Periodic Reporting for period 4 - GCB-PRID (Post-transcriptional Regulation of Germinal Center B Cell Responses in Immunity and Disease)
Période du rapport: 2021-03-01 au 2023-02-28
Cellular fates and responses are largely controlled by transcription factors, which control the production of mRNAs that encode specific proteins. Major transcription factor networks regulating protective germinal center B cell responses were identified and characterized in the past. However, growing evidence suggests that global protein abundance is determined to a great degree at the translational level, emphasizing the importance of post-transcriptional gene regulation. There are over 1500 human RNA-binding proteins, with 690 of them binding mRNA through various RNA recognition motifs. Little is known about the role of post-transcriptional regulation by these proteins in terminal (protective or autoimmune) B cell differentiation. We hypothesized that RNA-binding proteins play critical roles in germinal center B cell and plasmacytic cell physiology. To identify and characterize these regulatory mechanisms, we combined the analysis of sophisticated genetic mouse models with experiments using novel cell culture systems, as well as genetic, molecular biological, and biochemical approaches. A better understanding of the roles of RNA-binding proteins in both protective and autoimmune B cell responses could open up novel possibilities for therapeutic targets.
We described in detail how B cell-specific expression changes of TNFAIP3/A20 and c-Rel, whose proteins levels are regulated by post-transcriptional gene regulation, impact terminal B cell differentiation and autoimmunity. We employed interaction proteomics to identify novel proteins binding to the untranslated regions of mRNAs encoding for critical mediators of germinal center B cell and plasmacytic cell fates, including Bcl6 and c-Rel. The regulatory functions of these RNA-binding proteins were validated by CRISPR-mediated knockout in germinal center B cell-like cell lines. In addition, we conducted genetic screens to uncover RNA-binding proteins whose loss enhanced or decreased germinal center B cell generation in vivo. We then used cellular immunology and RNA biochemistry techniques to elucidate how individual RNA-binding proteins or protein families exert their post-transcriptional control. Through the integrated power of our multi-disciplinary approach ,we thus pinpointed functions of key RNA-binding proteins regulating the biology of germinal center B cell and plasmacytic cells. Through GCB-PRID we thus uncovered new insights into post-transcriptional regulation of adaptive immunity.
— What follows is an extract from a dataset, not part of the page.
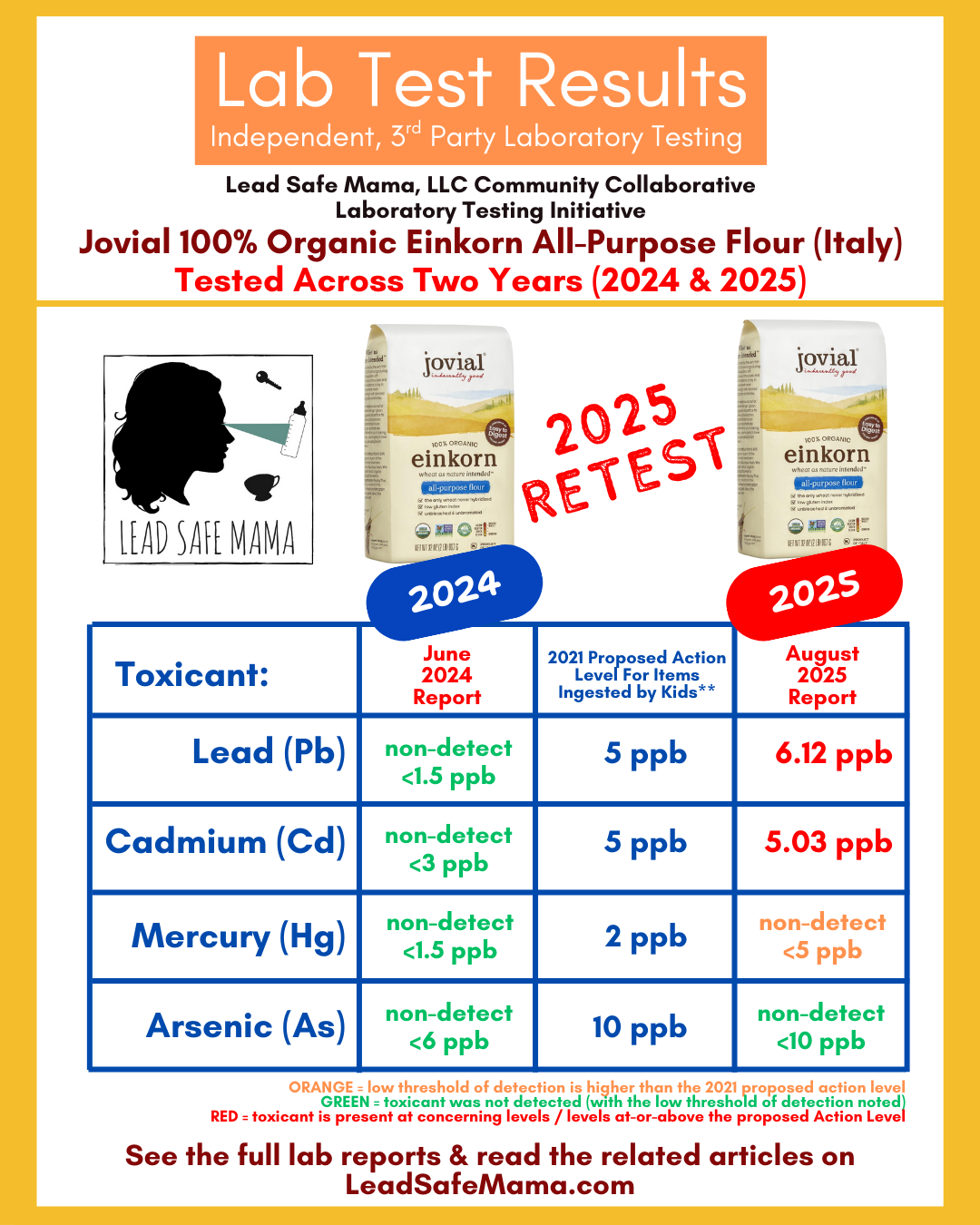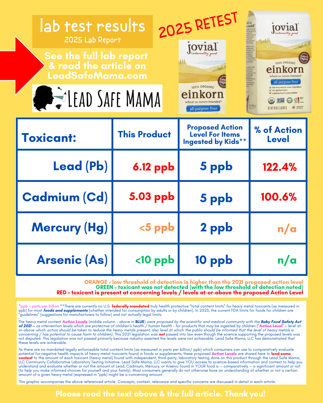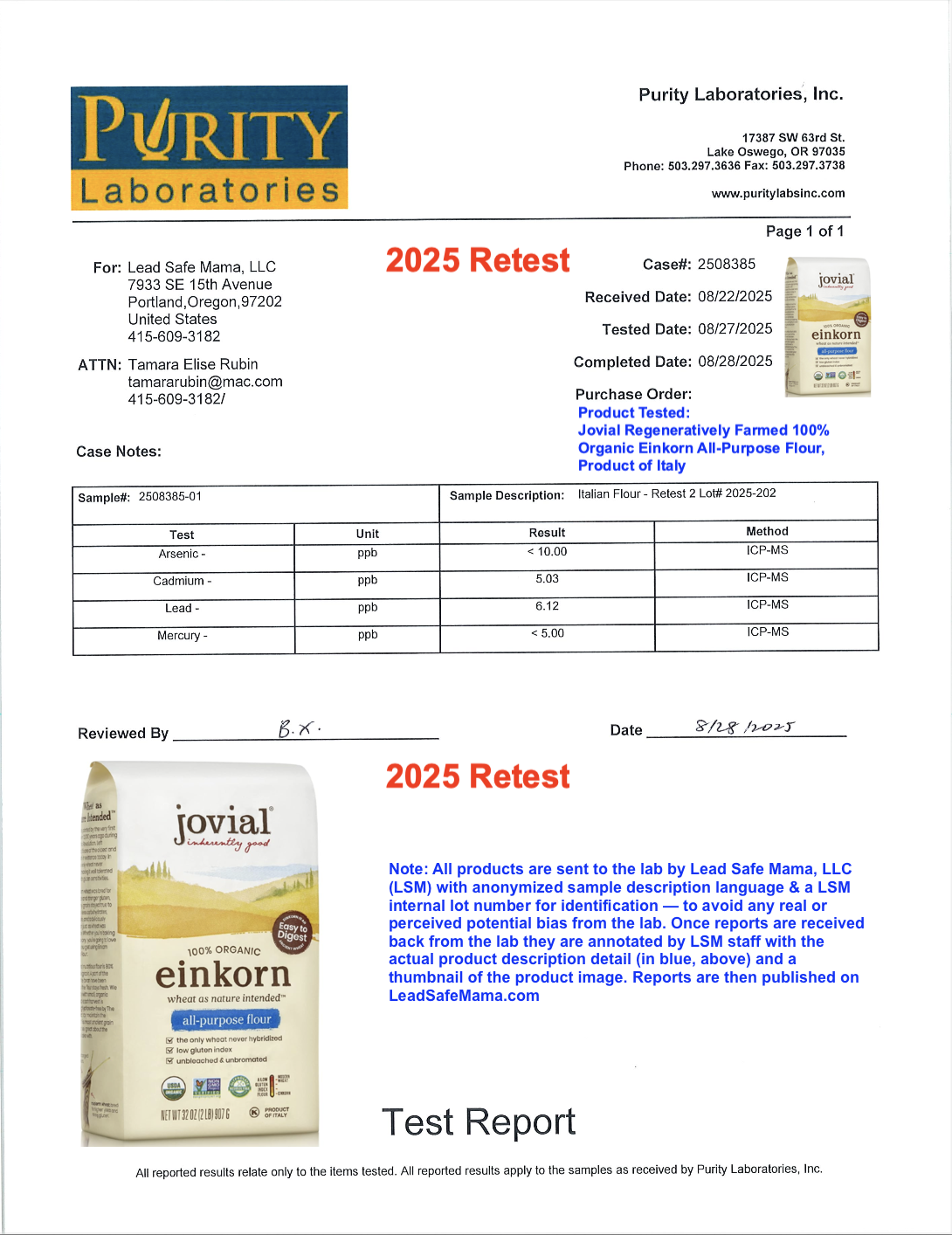 2025 Retest of Organic Jovial Einkorn All Purpose Flour (From Italy) — Laboratory Testing for Lead, Cadmium, Mercury, & Arsenic.

We extended and optimized plasmablast generation as well as genetic manipulation systems in the mouse induced germinal center B cell (iGB) culture system, which recapitulates key aspects of plasma cell differentiation in the mouse in vitro. Furthermore, we adopted a novel approach of culturing and manipulating tonsillar human germinal center B cells. For in vivo studies of terminal B cell differentiation, we built a large repertoire of hematopoietic progenitor cell pools (Hoxb8FL) of different genotypes (different Cre lines, conditional Cas9 expression) and established various gene editing as well as overexpression protocols in these cells. The potential for B cell differentiation of these cells pools was evaluated by adoptive transfer into recipient mice. These efforts produced a novel method to genetically interrogate terminal B cell differentiation in vivo in small to intermediate throughput, including genetic screens.
We established and optimized mass spectrometry-based interaction proteomics using mRNA representing UTR fragments. These efforts were paralleled by global identification of all polyA-containing mRNA-binding proteins (RBPome) in cell lines resembling germinal center B cells and plasma cells. We identified candidate RBPs validated to bind to the untranslated regions of Bcl6 and c-Rel and regulate their expression and are exploring their functions.
Finally, we identified critical functions of the Roquin1/2 and Staufen1/2 RNA-binding protein families in germinal center B cells and humoral immune responses.